From a282f80210262e560844bc7531bbeab5b1a64876 Mon Sep 17 00:00:00 2001
From: Peter Luenenschloss <peter.luenenschloss@ufz.de>
Date: Mon, 3 Aug 2020 13:29:11 +0200
Subject: [PATCH] flag cross scoring documented

---
 saqc/funcs/functions.py | 45 ++++++++++++++++++++++++++++++++++++++++-
 1 file changed, 44 insertions(+), 1 deletion(-)

diff --git a/saqc/funcs/functions.py b/saqc/funcs/functions.py
index eb1df8b6c..2b46b7f97 100644
--- a/saqc/funcs/functions.py
+++ b/saqc/funcs/functions.py
@@ -589,7 +589,50 @@ def flagManual(data, field, flagger, mdata, mflag: Any = 1, method="plain", **kw
 
 
 @register
-def flagCrossScoring(data, field, flagger, fields, thresh, cross_stat=np.median, **kwargs):
+def flagCrossScoring(data, field, flagger, fields, thresh, cross_stat='modZscore', **kwargs):
+    """
+    Function checks for outliers relatively to the "horizontal" input data axis.
+
+    For fields=[f_1,f_2,...,f_N] and timestamps [t_1,t_2,...,t_K], the following steps are taken for outlier detection:
+
+    1. All timestamps t_i, where there is one f_k, with data[f_K] having no entry at t_i, are excluded from the
+        following process (inner merge of the f_i fields.)
+    2. for every 0 <= i <= K, the value m_j = median({data[f_1][t_i], data[f_2][t_i], ..., data[f_N][t_i]}) is
+        calculated
+    2. for every 0 <= i <= K, the set {data[f_1][t_i] - m_j, data[f_2][t_i] - m_j, ..., data[f_N][t_i] - m_j} is tested
+        for outliers with the specified method (`cross_stat` parameter)
+
+    Parameters
+    ----------
+    data : dios.DictOfSeries
+        A dictionary of pandas.Series, holding all the data.
+    field : str
+        A dummy parameter.
+    flagger : saqc.flagger
+        A flagger object, holding flags and additional informations related to `data`.
+    fields : str
+        List of fieldnames in data, determining wich variables are to be included into the flagging process.
+    thresh : float
+        Threshold which the outlier score of an value must exceed, for being flagged an outlier.

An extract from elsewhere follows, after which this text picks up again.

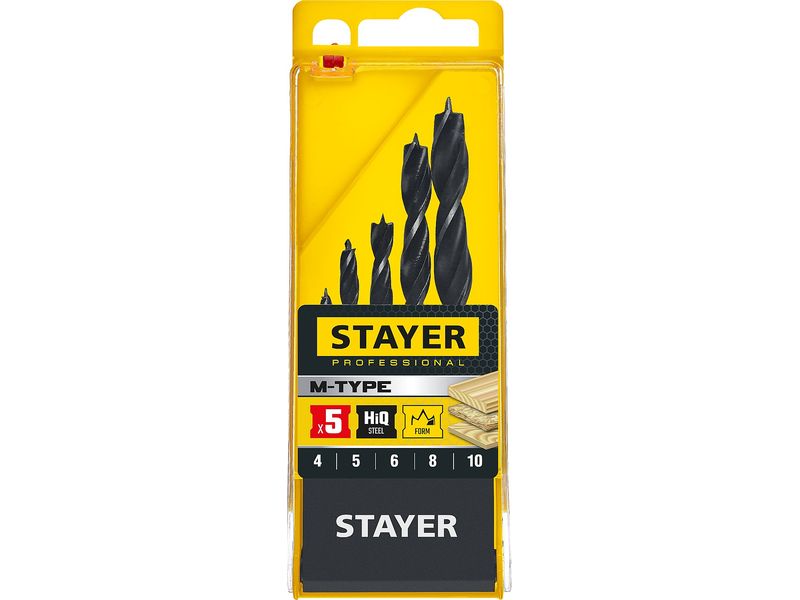 Набор сверл спиральных по дереву "M-type", 5шт(d-4-10мм), М-образная заточка, сталь HCS, STAYER Professional 2942-H5

+    cross_stat : {'modZscore', 'Zscore'}, default 'modZscore'
+        Method used for calculating the outlier scores.
+        * 'modZscore': Median based "sigma"-ish approach. See Referenecs [1].

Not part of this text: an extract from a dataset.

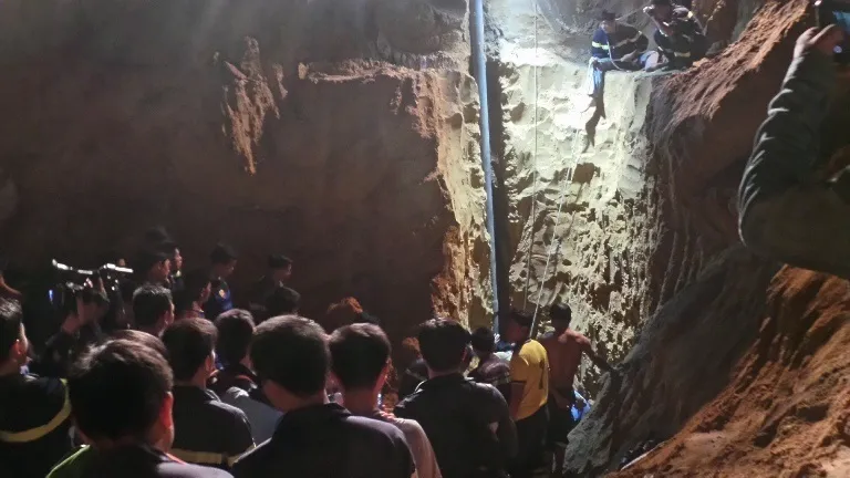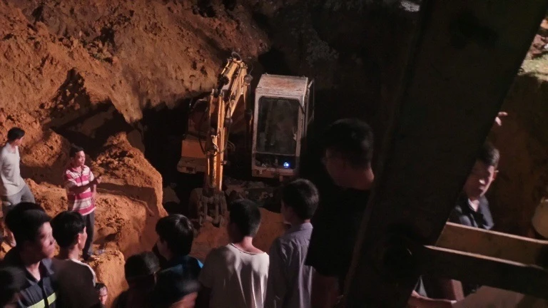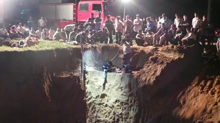 Sau khi kiểm tra địa hình lực lượng cứu hộ phải huy động máy móc đào hàng trăm mét khối đất mở rộng ra bên ngoài để từng bước tiếp cận với cháu bé mắc kẹt bên dưới đồng thời đưa dây chuyền ống hơi tiếp oxy cho bé và xác định bé bị mắc kẹt ở độ sâu khoảng 13m tính từ mặt đất.

+        * 'Zscore': Score values by how many times the standard deviation they differ from the median.
+            See References [1]
+
+    Returns
+    -------
+    data : dios.DictOfSeries
+        A dictionary of pandas.Series, holding all the data.
+    flagger : saqc.flagger
+        The flagger object, holding flags and additional Informations related to `data`.

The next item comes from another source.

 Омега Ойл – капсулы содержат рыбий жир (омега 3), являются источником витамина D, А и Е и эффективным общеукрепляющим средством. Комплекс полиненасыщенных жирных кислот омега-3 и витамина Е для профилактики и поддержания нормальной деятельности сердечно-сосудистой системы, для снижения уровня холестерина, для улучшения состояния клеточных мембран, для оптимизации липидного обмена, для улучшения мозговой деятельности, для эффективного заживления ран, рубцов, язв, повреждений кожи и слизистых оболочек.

+        Flags values may have changed relatively to the input flagger.
+
+    References
+    ----------
+    [1] https://www.itl.nist.gov/div898/handbook/eda/section3/eda35h.htm
+    """
+
     df = data[fields].loc[data[fields].index_of('shared')].to_df()
 
     if isinstance(cross_stat, str):
-- 
GitLab